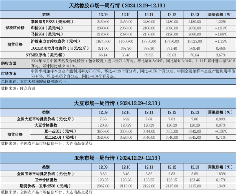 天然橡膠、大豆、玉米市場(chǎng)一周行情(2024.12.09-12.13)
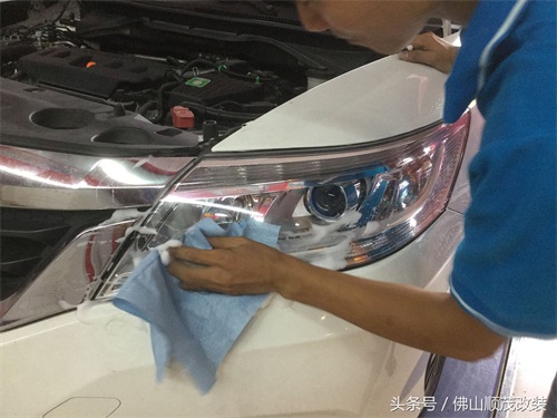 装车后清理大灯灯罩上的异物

----

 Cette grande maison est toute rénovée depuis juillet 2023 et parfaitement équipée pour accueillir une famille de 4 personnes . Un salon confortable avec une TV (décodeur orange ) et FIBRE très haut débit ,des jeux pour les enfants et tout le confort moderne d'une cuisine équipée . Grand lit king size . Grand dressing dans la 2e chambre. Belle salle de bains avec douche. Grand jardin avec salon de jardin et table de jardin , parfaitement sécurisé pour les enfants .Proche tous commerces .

----

Your instructions ▸
Extract the part of the records that opens with the line containing "天然橡膠、大豆、玉米市場(c" and closes with the line containing "装车后清理大灯灯罩上的异物". Take only those lines, exactly, and no pictures.

Result of this task ▸
 天然橡膠、大豆、玉米市場(chǎng)一周行情(2024.12.09-12.13)
 装车后清理大灯灯罩上的异物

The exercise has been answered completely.